March 29, 2021 – Monday, 12:14 p.m.
Time is a construct.
For the most part, we invented it. And we have built our lives around it. The short and the long. We made it the most important factor in our decision-making process: ‘Is this worth the time?'
A day is the rotation of the Earth. A year is the Earth’s orbit around the Sun. The change in weather, we once upon a time experienced as four distinct enterprises, is based in part upon the titling of the Earth on its axis. Daylight gets longer each day until it starts getting shorter again.
From there we subdivided everything into smaller more manageable units so we could make sense of things. Chunks of time so the moments and conversations and chance happenings that make up our lives could be quantified. We segmented the day and gave each moment value.
Well, it’s only a 93-minute film. The drive is six hours but it is the cutest B&B for the weekend. The crème brûlée is to die for and it is only a 45-minute wait for a table. These peaches are only good for two weeks.

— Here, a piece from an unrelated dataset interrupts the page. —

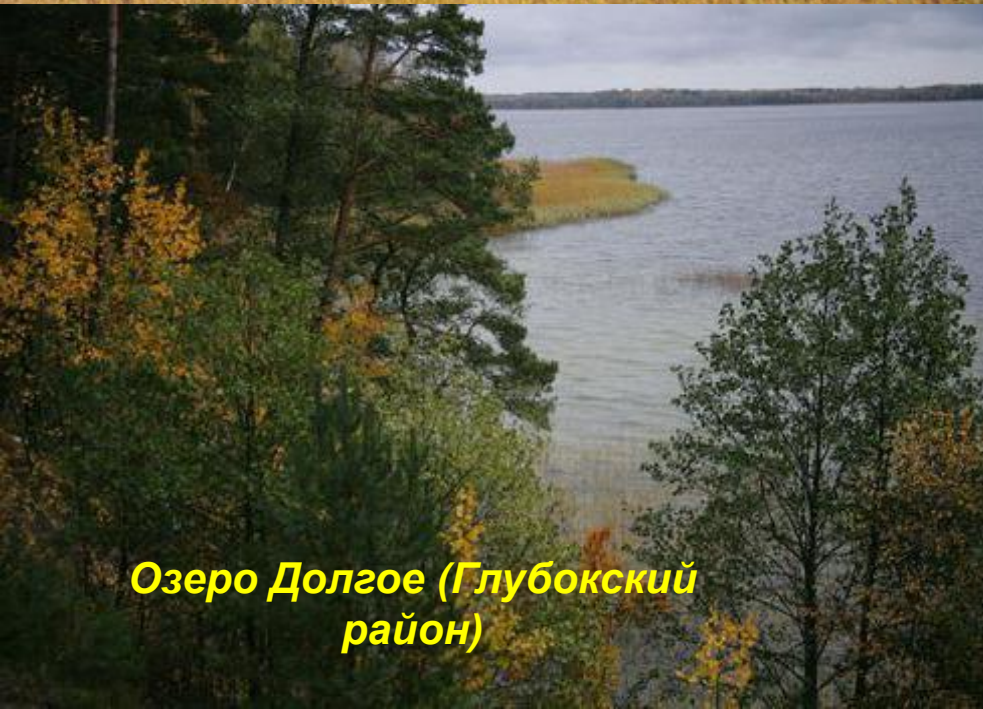
Озеро Долгое (Глубокский район)

It is March again. That is what we call this period of our lives between winter and spring in the Northern Hemisphere after we divided the year into 12 different months. And it is 2021, that many thousand trips around the Sun since this part of the world decided we would start counting. That many years since the divide between the past and the extreme past.
It has been a year since all of this began. Does it feel like it has been longer? But the memories of the past are still fresh. How long is a year supposed to feel?
October 22, 2020 – Thursday, 3:28 p.m.
“I’m restless. My whole generation is restless.” – F. Scott Fitzgerald in This Side of Paradise.
The entirety of my generation is restless. We are caught between the crush of a terrible present, uncertain future, and the memories of a decent enough past.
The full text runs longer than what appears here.